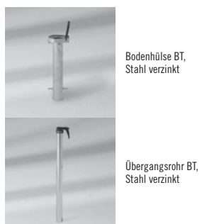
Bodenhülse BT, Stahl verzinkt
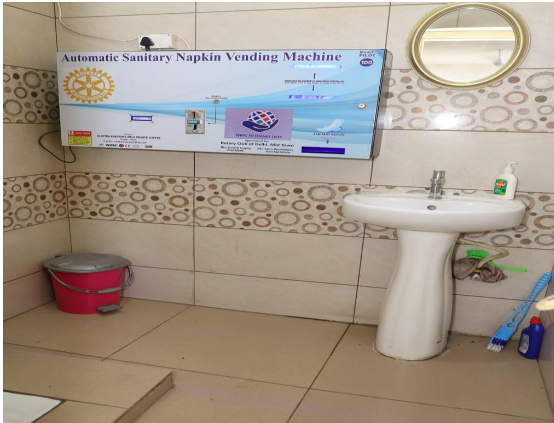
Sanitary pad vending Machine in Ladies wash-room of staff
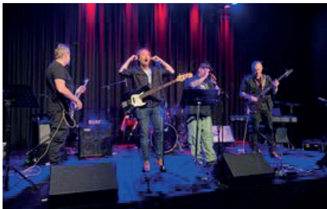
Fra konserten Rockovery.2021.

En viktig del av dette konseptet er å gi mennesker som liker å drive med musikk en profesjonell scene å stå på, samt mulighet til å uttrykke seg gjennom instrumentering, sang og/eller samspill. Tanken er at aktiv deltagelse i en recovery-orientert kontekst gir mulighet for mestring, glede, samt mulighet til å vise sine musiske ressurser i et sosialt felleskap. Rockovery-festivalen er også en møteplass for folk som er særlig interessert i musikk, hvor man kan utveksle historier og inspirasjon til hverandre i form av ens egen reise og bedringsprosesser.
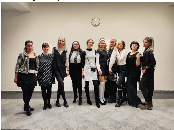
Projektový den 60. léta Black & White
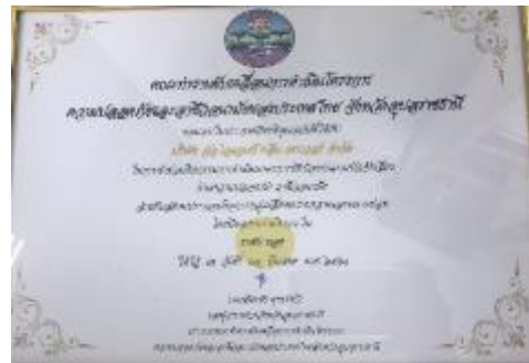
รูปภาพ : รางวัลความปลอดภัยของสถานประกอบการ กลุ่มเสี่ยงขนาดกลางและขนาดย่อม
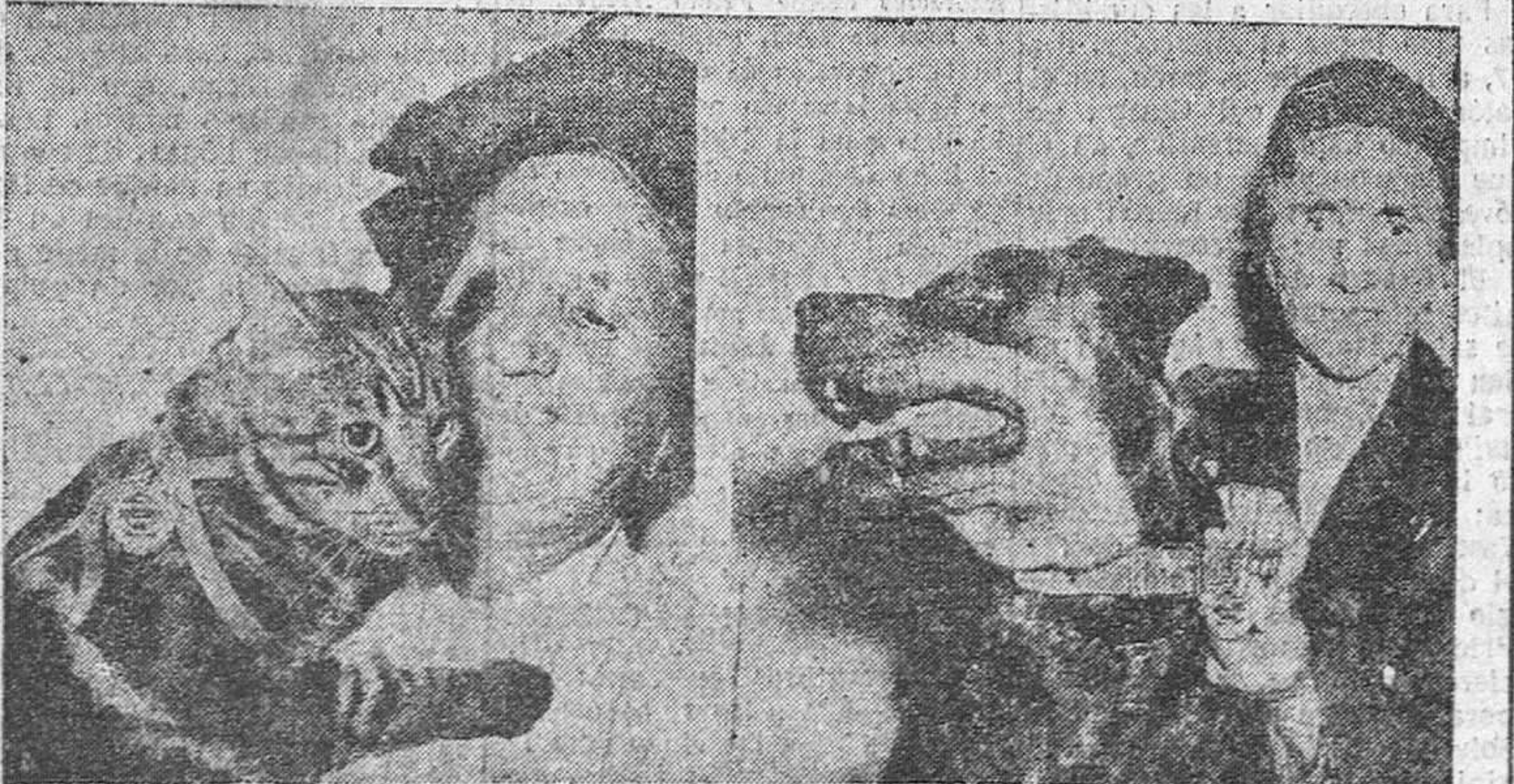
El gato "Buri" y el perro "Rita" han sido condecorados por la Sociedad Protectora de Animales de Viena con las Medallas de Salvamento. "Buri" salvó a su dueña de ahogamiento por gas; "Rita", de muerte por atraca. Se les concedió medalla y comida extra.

§

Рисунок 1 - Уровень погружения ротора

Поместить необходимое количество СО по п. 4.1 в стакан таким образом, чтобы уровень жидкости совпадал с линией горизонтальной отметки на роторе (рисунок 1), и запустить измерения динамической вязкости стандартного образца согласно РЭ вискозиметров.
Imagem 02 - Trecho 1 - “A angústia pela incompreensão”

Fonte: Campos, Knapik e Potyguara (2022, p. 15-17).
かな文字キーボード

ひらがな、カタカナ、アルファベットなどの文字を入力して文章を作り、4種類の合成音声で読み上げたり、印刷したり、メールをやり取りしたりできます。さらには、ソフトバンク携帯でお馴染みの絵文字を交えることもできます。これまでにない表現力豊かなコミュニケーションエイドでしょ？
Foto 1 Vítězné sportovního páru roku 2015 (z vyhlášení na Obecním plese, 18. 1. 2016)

§

**WORK INSTRUCTIONS**
The expected output is each line of the records above that includes the word "Rockovery".

**WRITTEN ANSWER**
Fra konserten Rockovery.2021.
En viktig del av dette konseptet er å gi mennesker som liker å drive med musikk en profesjonell scene å stå på, samt mulighet til å uttrykke seg gjennom instrumentering, sang og/eller samspill. Tanken er at aktiv deltagelse i en recovery-orientert kontekst gir mulighet for mestring, glede, samt mulighet til å vise sine musiske ressurser i et sosialt felleskap. Rockovery-festivalen er også en møteplass for folk som er særlig interessert i musikk, hvor man kan utveksle historier og inspirasjon til hverandre i form av ens egen reise og bedringsprosesser.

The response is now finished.